L’absence de formation et les interventions auprès d’autres entreprises suffisaient-elles à caractériser l’existence d’un contrat de travail ? 

Dans son arrêt du 7 juillet 2015, la Cour de cassation vient confirmer l’analyse de la Cour d’appel qui ayant constaté que Mr X « avait accompli pendant toute la durée de la convention des prestations de travail relevant d’un emploi normal sans recevoir la formation que la société s’était engagée à lui fournir, en a exactement déduit l’existence d’un contrat de travail ». La rupture des relations contractuelles à l’issue de la convention produisait donc les effets d’un licenciement sans cause réelle et sérieuse. 

 

L’accomplissement de prestations en l’absence de formation… 

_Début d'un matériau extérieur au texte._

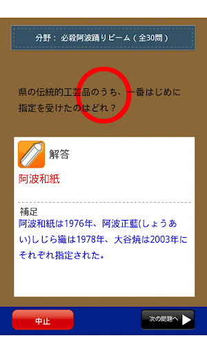 このアプリは、徳島県に関する100のクイズに答えるアプリです。
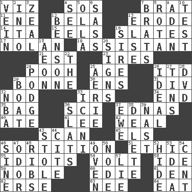 ACROSS 1. Namely 4. Mayday 7. Naughty child 11. Compass dir. 12. Actor Lugosi 13. Wear away 14. Call ___ day 15. Snakelike fish 16. Chalkboards 17. Pitcher Ryan 19. Aide 21. Eastern Standard Time (abbr.) 23. Angers 24. "Silly old bear" 25. Ripen 26. It would 29. Maid-servant 30. Followers of ems 31. HTML Container Element 32. Allow head to fall sleepily 33. Big collection agency 34. Conclusion 35. Paper or plastic container 36. _-fi 37. Ferber et al. 40. Had dinner 41. Area sheltered from the wind 42. Welt 43. Examine minutely or intensely 45. Raised railways 46. Conclusion 51. Moral principle 55. Foolish or stupid persons 56. Electrical Unit 58. Binary compound 59. Having high moral qualities 60. Singer Brickell 61. Lair 62. Celtic language 63. Born 64. Ingest DOWN 1. Distinctive style or manner 2. To the inside or interior of 3. Ardor 4. Perceive with the eye 5. Water jar 6. Backtalk 7. Naughty children 8. Round or rotation of duties 9. An important port of Yemen 10. Trial 12. Gillaume's butler role 13. Otherwise 16. Begets 18. Period of immesurable duration 20. Public displays of written messages 22. Definite Article 24. Porridge 25. Nest on high 26. Perfect 27. Canisters 28. Movie disc 29. Water vessel 32. Basketball assoc. 33. Ancient Celtic tribe of eastern Britain 36. Narrow boards 37. She-sheep 38. Erase 39. Political cartoonist Thomas 43. Took without asking 44. Quote 46. Trig term 47. Scent 48. Chest bones 49. Baking chamber 50. Connecting point 52. Flintstone garb 53. It may be bright or harebrained 54. Penny 57. Untruth

L’essence même d’une AFPE est de permettre à un demandeur d’emploi d’acquérir les compétences professionnelles nécessaires pour occuper l’emploi proposé. Dans ce cadre, la formation que doit délivrer l’employeur est une condition indispensable à la prise en charge financière des Assédics. L’employeur s’engage en outre, à embaucher le stagiaire à l’issue de la période de formation s’il a acquis le niveau requis. Comment alors reprocher au stagiaire de ne pas l’avoir atteint et mettre un terme au contrat si, sur la période dite de formation, ce dernier ne s’en est vu dispenser aucune ? 

En l’espèce, le stagiaire n’a bénéficié d’aucune action de formation de la part de l’employeur. Ce dernier, incapable de fournir un plan ou calendrier de formation, a tenté d’établir la réalité de la formation du stagiaire au métier d’analyste formateur-programmateur en produisant une attestation d’un autre salarié déclarant avoir formé celui-ci à divers outils informatiques.  

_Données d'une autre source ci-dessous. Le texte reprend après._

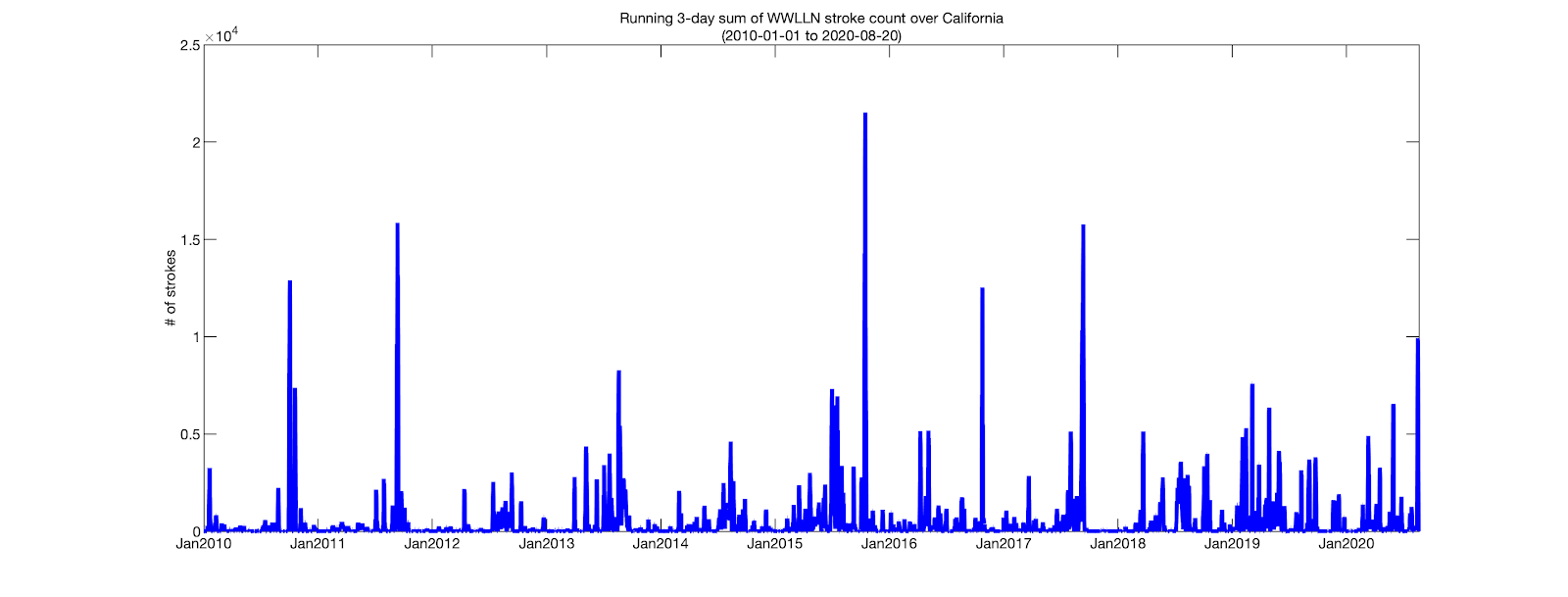Smoke situation this morningThe situation this morning was extraordinary. According to CALFire, more than 14,000 firefighters are dealing with 650 fires (two dozen major ones) that have burned over 1.25 million acres. There have been 7 fire-related deaths and 1400 structures lost.The “lightning siege” over the past ten days has resulted in over 13,000 lightning strikes, many of which were from high-based thunderstorms that did not provide much rain to the surface (rain evaporated on the way down!).How unusual was this large number of lightning strikes in mid-August?The answer: very unusual.When I want to get information about lightning statistics, I know where to go: Professor Robert Holzworth of UW ESS and Dr. Katrina Virts, a past associate of Dr. Holzworth who is now a NASA scientist. Dr. Holzworth runs a major lightning network (WWLLN) and a lightning expert, and Dr. Virts is the Mozart of lightning statistics.Anyway, within of hours of inquiring about the situation, Dr. Virts sent me a graph showing 3-day lightning totals going back to late 2009 (below, click to enlarge).

Ce qui semble bien insuffisant au regard des nombreuses fiches d’interventions produites par le stagiaire et attestant qu’il a été amené, sur la période de formation, à exécuter diverses prestations auprès de clients. 

 

… conduit à la requalification en CDI 

°Certains contrats peuvent être requalifiés en contrat de travail quand une personne s’engage à travailler pour le compte et sous la direction d’une autre moyennant rémunération. L’existence d’un lien de subordination entre ces personnes est un indice laissant présumer que la relation qui les lie est en réalité un véritable contrat de travail. 

En l’espèce, les sociétés condamnées en tant qu’employeur reprochent aux juges du fond d’avoir reconnu l’existence d’un lien de subordination entre elles et le stagiaire et en conséquence celle d’un contrat de travail. Pour elles, le simple fait d’intervenir auprès de clients pour le compte de la société ne suffisait pas à caractériser un quelconque pourvoir de contrôle et de sanction à l’égard du stagiaire, il n’y avait donc aucun lien de subordination pendant la période dite de formation. 

 

Ce n’est pourtant pas ce qu’ont retenu les juges. 

En effet, outre l’absence totale de formation, le stagiaire prouve par la production de nombreuses fiches d’interventions portant son nom en tant qu’intervenant auprès de divers clients, qu’il a dès son embauche, et avant même le début de la période de formation, travaillé pour le compte de la société dans le cadre d’un lien de subordination. Considérant que pendant toute la durée de la période où il était censé être formé, il n’a fait qu’accomplir des prestations de travail relevant d’un emploi normal sans recevoir la formation que la société s’était engagée à lui fournir et qu’il existait par ailleurs un lien de subordination entre le stagiaire et les sociétés pour le compte desquelles il est intervenu, les juges ont justement retenu l’existence d’un véritable contrat de travail. 

Cet arrêt présente l’avantage d’une part de dissuader certains employeurs de recourir à ces dispositifs dans l’unique but de bénéficier d’aides financières, mais aussi de mettre l’accent sur l’importance donnée à la formation professionnelle, indispensable à l’employabilité des demandeurs d’emploi.